### [EXERCISE]
For the data below, transcribe the part that opens with the line containing "Elevate your child’s" and closes with the line containing "71 BARILLA GROUP AND LIFE CYCLE THINKING", exactly and with no pictures.
::::
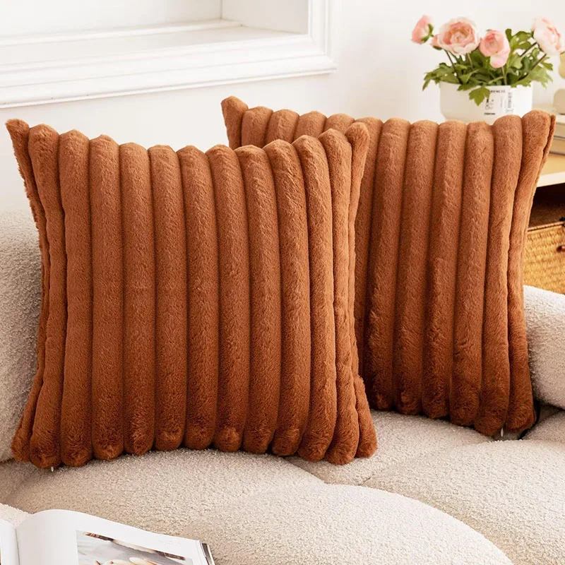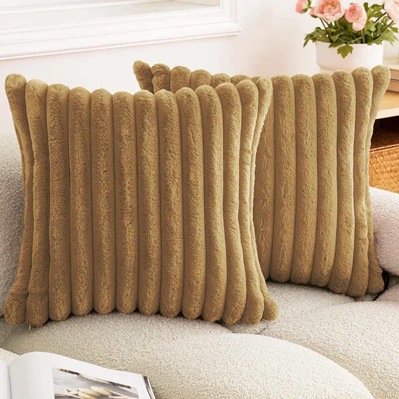 Plain Fuax Rabbit Hair Vertical Bar Pillowcase Nordic Soft Square Cushion Cover for Sofa Warm Pillow Cover for Autumn and Winter
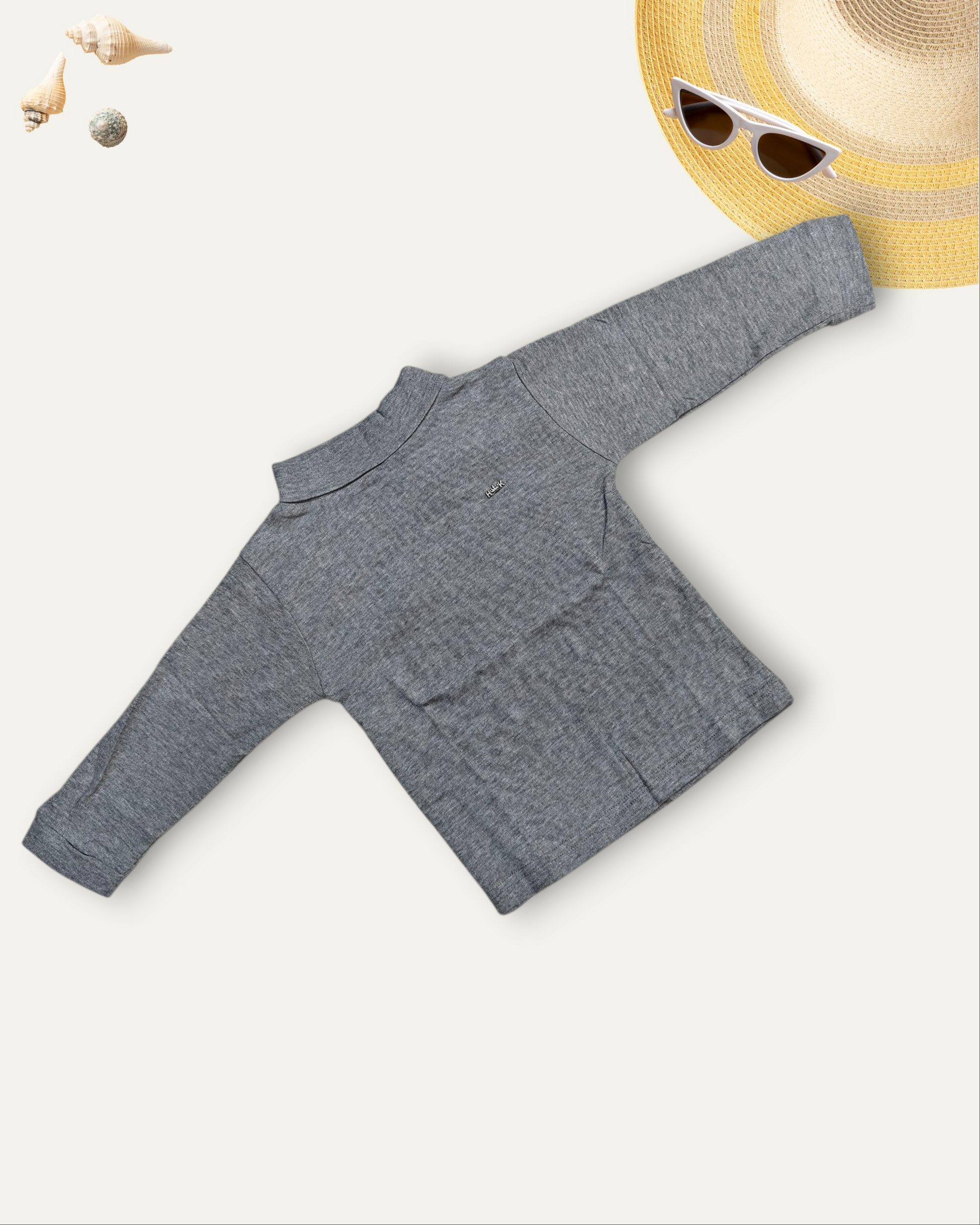 Elevate your child’s winter wardrobe with this grey high-neck full-sleeve T-shirt for kids. Crafted from soft, breathable cotton, it delivers warmth and all-day comfort while maintaining a sleek, versatile style. The ribbed cuffs provide a snug fit, and the subtle embroidered logo on the chest adds a refined finishing touch—perfect for pairing with jeans, skirts, or layered under jackets.
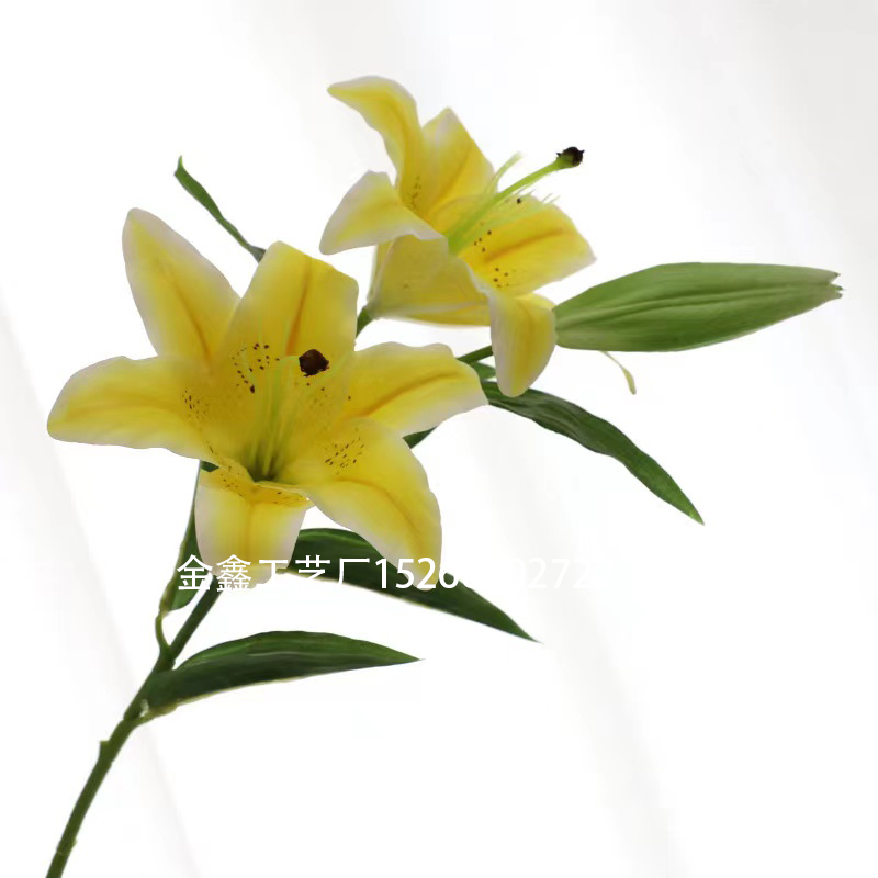 产品尺寸:2花1蕾 ,2片大叶,1片小叶。总高度41cm , 花宽25cm ,花高8cm ,果长9.5cm
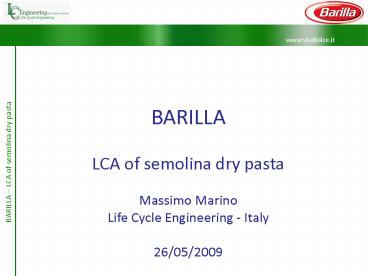 71 BARILLA GROUP AND LIFE CYCLE THINKING
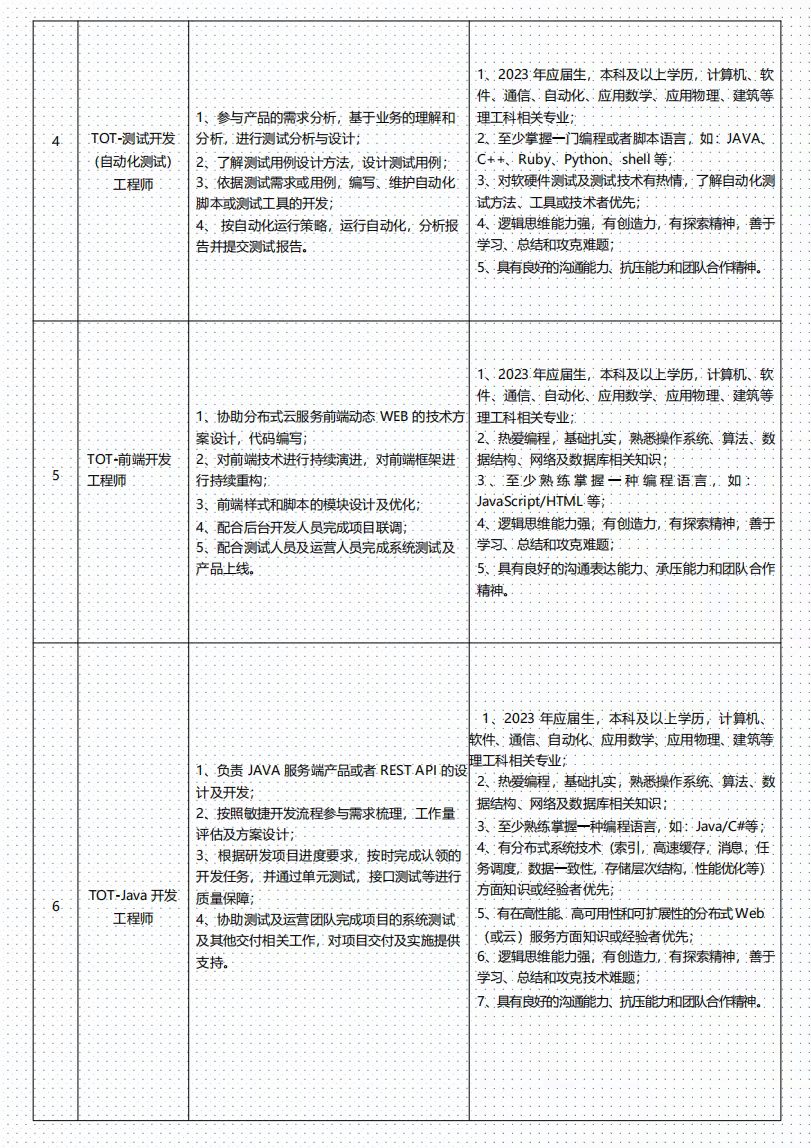 6、工作地点:TOT研发序列bsae北京、上海、西安、广州,EOE销服序列base全国(具体岗位工作城市可在投递时查看);
::::
### [ANSWER TO THIS PROBLEM]
 Elevate your child’s winter wardrobe with this grey high-neck full-sleeve T-shirt for kids. Crafted from soft, breathable cotton, it delivers warmth and all-day comfort while maintaining a sleek, versatile style. The ribbed cuffs provide a snug fit, and the subtle embroidered logo on the chest adds a refined finishing touch—perfect for pairing with jeans, skirts, or layered under jackets.
 产品尺寸:2花1蕾 ,2片大叶,1片小叶。总高度41cm , 花宽25cm ,花高8cm ,果长9.5cm
 71 BARILLA GROUP AND LIFE CYCLE THINKING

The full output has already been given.